Au Burkina Faso, il n’existait pas en 2011 de critères précis pour l’identification des indigents (Ridde, Kadio, Ducandas, & Kafando, 2011). Dans les Centres Hospitaliers Régionaux (CHR), les agents des services sociaux sont chargés d’identifier les indigents parmi les patients qui se présentent aux soins. Ne disposant pas de directives claires, la sélection se fait à travers un entretien qui est basé sur des critères tels que la condition physique du patient (urgence de la maladie), sa condition sociale (orphelin, exclus sociaux) et sa condition économique (moyen de transport, source de revenus, profession). Aucune enquête n’est réalisée faute de moyen. La sélection est faite sur la base des affirmations du patient et sur la base du bon jugement de l’agent des services sociaux (Schoemaker-Marcotte et al., 2010). La récente

expérience de sélection à base communautaire a quant à elle été satisfaisante pour les parties prenantes, même si elle a été très stricte (Ridde et al., 2010).

Au Bénin, la sélection des indigents se fait au point de contact au centre de santé (Sieuleunou & Kessou, 2013). Dans un premier temps l’agent de santé en fait le constat en se basant sur les affirmations du patient et dans un deuxième temps un assistant social réalise une enquête sociale pour confirmer le statut d’indigent.
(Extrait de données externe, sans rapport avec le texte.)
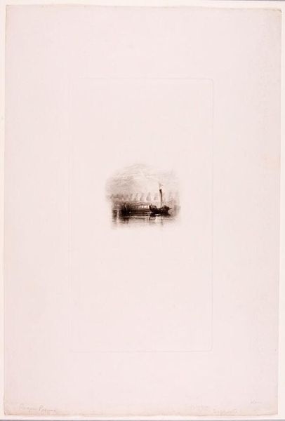 Harrie Gerritz made this print, Anonieme architectuur in onleesbare lucht, using etching, a process I really admire because it's all about controlled accidents. Look at the lines: the way they build up the form of the architecture, then dissolve into these wispy lines suggesting the sky. It’s like the structure is breathing, or maybe dissolving. The texture is wonderful: from that dense, velvety dark area at the bottom to the open, airy top half. The hatching feels both precise and intuitive; like Gerritz is thinking and feeling his way through the image at the same time. I'm reminded of the way Agnes Martin used lines to create these shimmering, barely-there grids. Both artists seem interested in the space between seeing and feeling, the way an image can be both solid and ephemeral. It’s a quiet piece, but there’s a lot going on beneath the surface.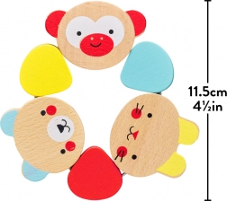 Drevené hryzátko je navrhnuté tak, aby vyhovovalo malým ručičkám, ktoré si užívajú bezpečné poznávanie rôznych textúr a tvarov. Je perfektné pri raste prvých zúbkov, a to vďaka svojim prírodným materiálom a vodou riediteľným farbám, čo zaisťuje jeho bezpečnosť pri používaní.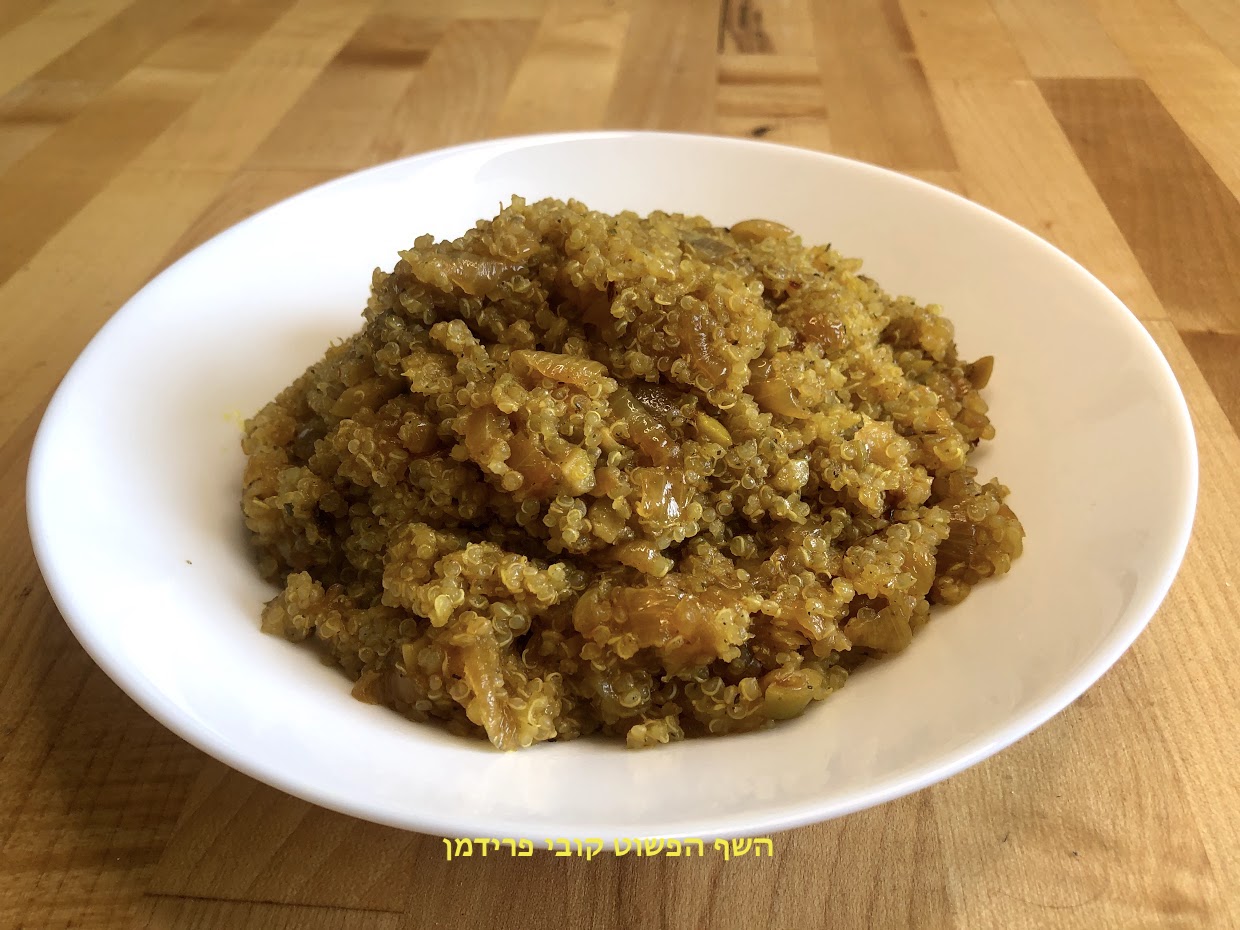 קינואה עם זיתים ובצל מקורמל טבעוני ללא גלוטן,

Cette méthode de sélection exclut d’emblée les personnes qui ne se rendent pas au centre de santé à cause de la contrainte financière. La lourdeur administrative liée à cette sélection, le manque de ressources logistique pour réaliser l’enquête sociale, la méconnaissance par plusieurs agents de santé des procédures constituent les principales faiblesses de cette stratégie de sélection (Sieuleunou & Kessou, 2013). Même si l’effectif des personnes indigentes identifiées a presque doublé, en passant de plus de 8000 en 2006 à plus de 15000 en 2007, la sélection a révélé qu’un taux élevé de vrais indigents n’a pas été sélectionné (Sieuleunou & Kessou, 2013).

Au Mali, il n’existe aucun recensement des indigents (Touré, 2013). Aucune documentation n’est disponible pour informer sur les activités mises en place pour sélectionner les indigents. Pour les agents sociaux, ce sont uniquement les personnes qui font une demande d’aide institutionnelle qui sont enregistrées (Touré, 2013). Dans ce contexte il est difficile de faire une présentation exhaustive de la situation réelle.
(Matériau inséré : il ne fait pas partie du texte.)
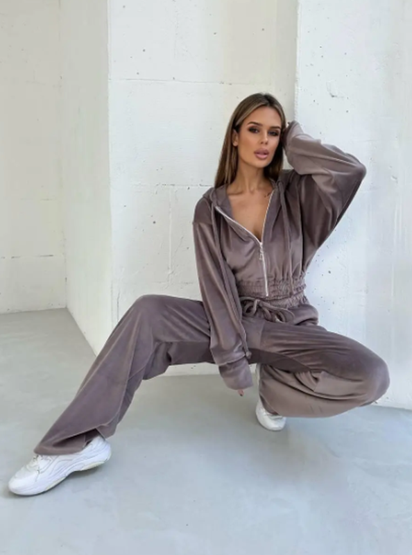 Кофта укорочена на молнии. Брюки ровные, на резинке + высокая посадка. Ткань: плюшевый велюр-спорт Размеры: 42-44,46-48 42-44: Кофта: длина 37 см, рукав 73 см, Грудь 94 см. Брюки: длина 104 см, талия 62 см (на резинке), бедра 98 см. 46-48: Кофта: длина 38 см, рукав 73 см, Грудь 102 см. Брюки: длина 104 см, талия 66 см (на резинке), бедра 104 см. Цвета как на фото.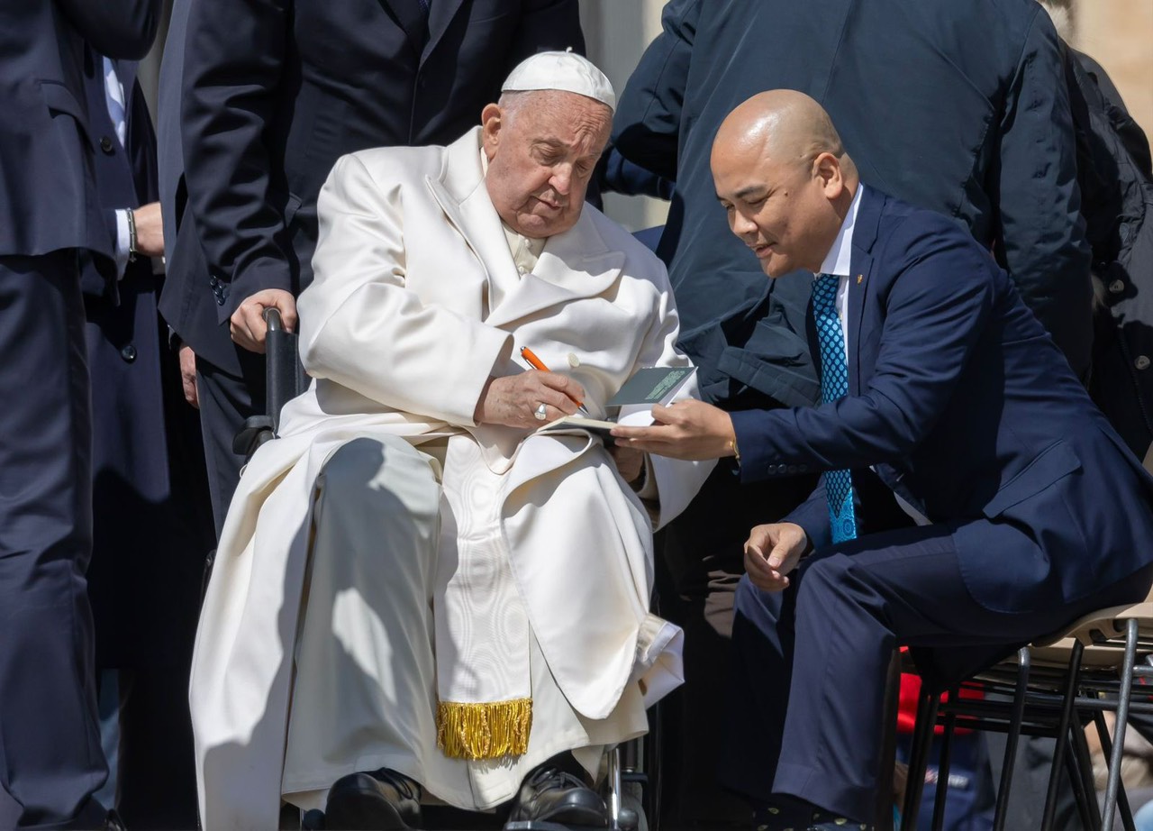 Điều đặc biệt hơn, cuốn sách “Tình thương” được tác giả trực tiếp trao cho Giáo Hoàng Francis tại Quảng trường Thánh Peter, sau khi nghe thông điệp của tác giả, Ngài đã ký vào cuốn sách như một cử chỉ ấm áp và vô cùng vĩ đại vì sự giản dị.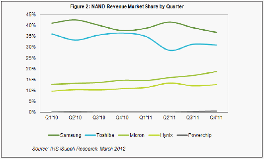 在材料方面,晶圓供應商在一個月后就快速恢復了生產,并提高了其它地點的產量,使其主要客戶面臨的供應短缺問題降低最小。中期來看,這場災害實際上導致NAND市場更加接近供需平衡,幫助該產業的營業收入在2011年第三季度環比增長10.0%,而2010年第三季度是環比增長9.1%。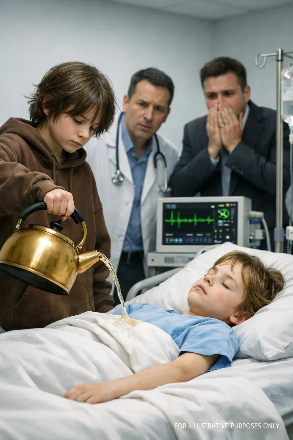 Before Brandon could stop her, she uncapped the bottle and gently poured a few drops of water onto Lucas’s forehead. The water ran down his temple, dampening the pillow.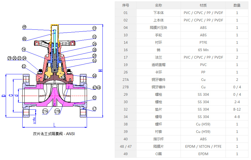 7) 本體顏色: PVC(深灰色), CPVC(淺灰色), PPH(米黃色), Clear PVC(透明), PVDF(象牙色)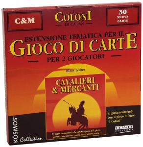 L'estensione "Cavalieri & Mercanti" è indirizzato ai giocatori che conoscono bene il gioco di carte "I Coloni di Catan" e che sono alla ricerca di nuove avventure. Numerosi sviluppi di colonie aprono nuove prospettive. Grazie alla "Fortezza", il reclutamento di Cavalieri diviene meno costoso. La "Piazza del Torneo" spinge questi Signori a dimostrare maggiore zelo. La nuova "Milizia Contadina" è molto potente e dispone di grandi riserve di grano. Potete opporvi alla "Spia" grazie alla "Torre di guardia", e la "Postazione di Dogana" migliora le vostre entrate d'Oro. Il "Palazzo" vi permette di riprendere in mano delle carte precedentemente scartate. La presenza dei Cavalieri è minacciata da "Lady Imelda", e potete grazie ai "Briganti" spogliare il vostro avversario.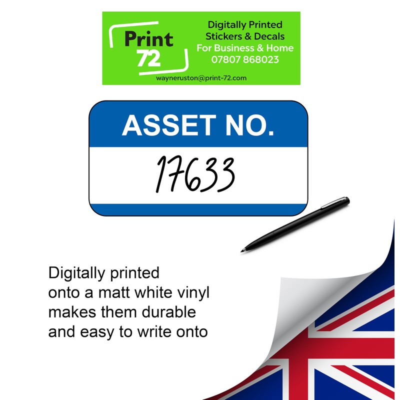 Quality control labels: Asset number - 250 stickers, 38 mm x 22 mm. Digitally printed on a matt white vinyl, makes the stickers easy to write onto and durable. A cost effective to to asset manage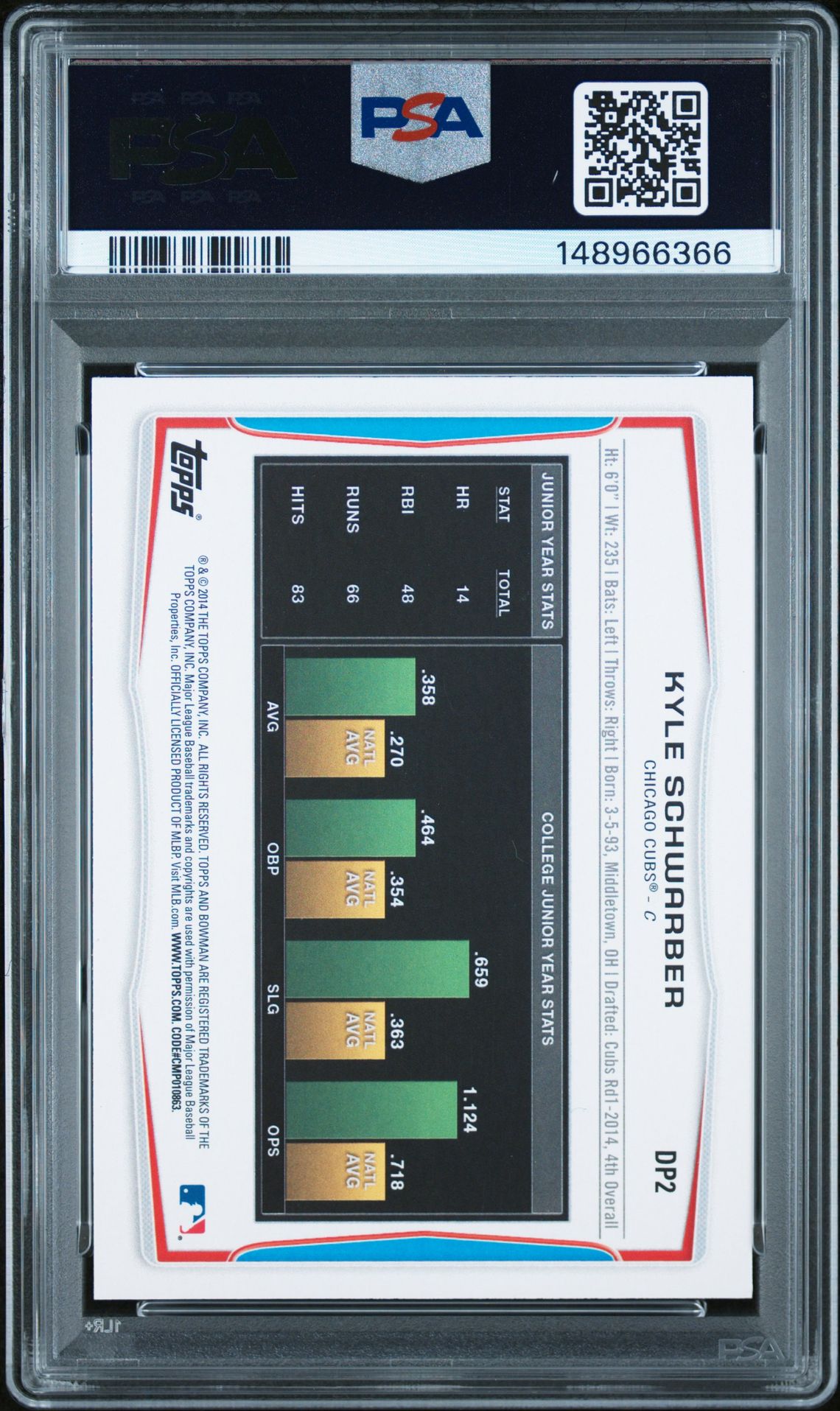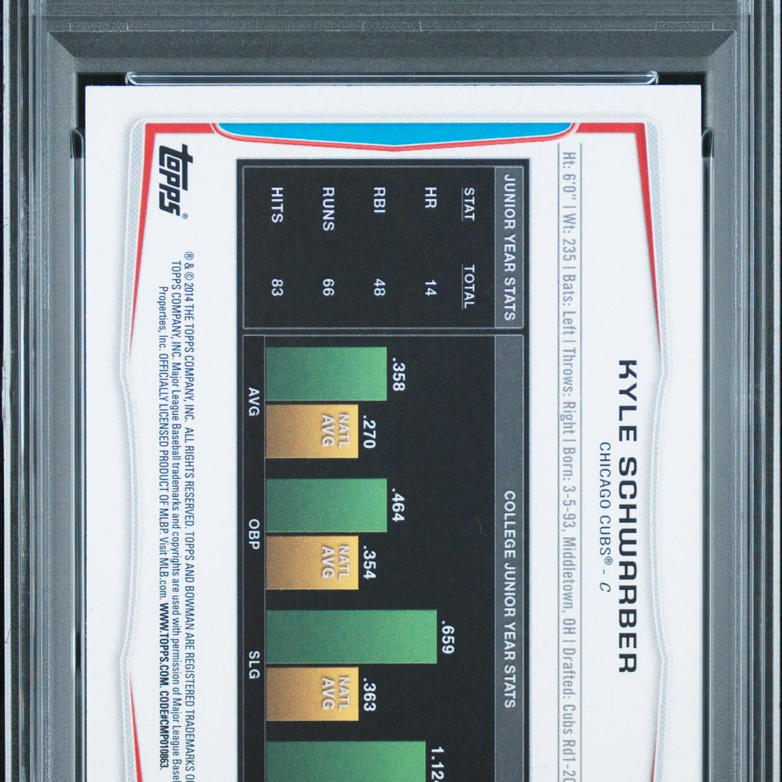Product Name: 2014 Bowman Draft Picks #DP2 Kyle Schwarber 1st Bowman PSA 9

➢ L’efficacité du ciblage/ de la sélection

L’efficacité du ciblage, c’est-à-dire la capacité à déterminer un vrai indigent fne dépend pas seulement des critères utilisés (Morestin et al., 2009). Le ciblage serait plus efficace, lorsque les critères choisis sont clairs et précis, lorsque plusieurs indicateurs sont utilisés pour désigner plusieurs dimensions de l’indigence et lorsque le processus communautaire est complété par le processus administratif. Le ciblage serait également efficace en l’absence de conflit entre l’identification des pauvres et la viabilité des services offerts et lorsque le ciblage tient compte du contexte local de pauvreté (Ridde et al., 2009).
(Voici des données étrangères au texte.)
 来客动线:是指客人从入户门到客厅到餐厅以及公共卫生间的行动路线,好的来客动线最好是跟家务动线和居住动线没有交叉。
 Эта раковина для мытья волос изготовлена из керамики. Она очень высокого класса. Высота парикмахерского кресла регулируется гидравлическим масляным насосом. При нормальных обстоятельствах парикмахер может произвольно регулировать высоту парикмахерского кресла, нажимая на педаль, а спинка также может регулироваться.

Une ancienne synthèse des écrits sur le sujet a montré que dans la pratique, les erreurs de sélection sont fréquentes (Bitran & Giedion, 2003). Les stratégies les plus précises sont souvent très couteuses (G. C. Aryeetey, C. Jehu-Appiah, E. Spaan, I. Agyepong, & R. Baltussen,

2012). Il s’agit donc de trouver l’équilibre entre la précision du ciblage et son cout tout en évitant au maximum d’exclure les vrais indigents (Bitran & Giedion, 2003; Hanson, Worrall, & Wiseman, 2007).

Par ailleurs, le type de région où se déroule la sélection peut avoir une influence sur son efficacité (G. C. Aryeetey et al., 2012). Au Ghana, le Means testing (MT) s’est révélé plus efficace dans les régions urbaine et semi-urbaine alors que le ciblage géographique s’est avéré plus efficace dans les régions rurales où la pauvreté est répandue (G. C. Aryeetey et al., 2012; Jehu-Appiah et al., 2010).

Les recherches évaluant l’efficacité du ciblage sont très rares en Afrique, des études sur le sujet sont pertinentes, car il est important que les indigents bénéficient réellement des interventions qui leur sont destinées.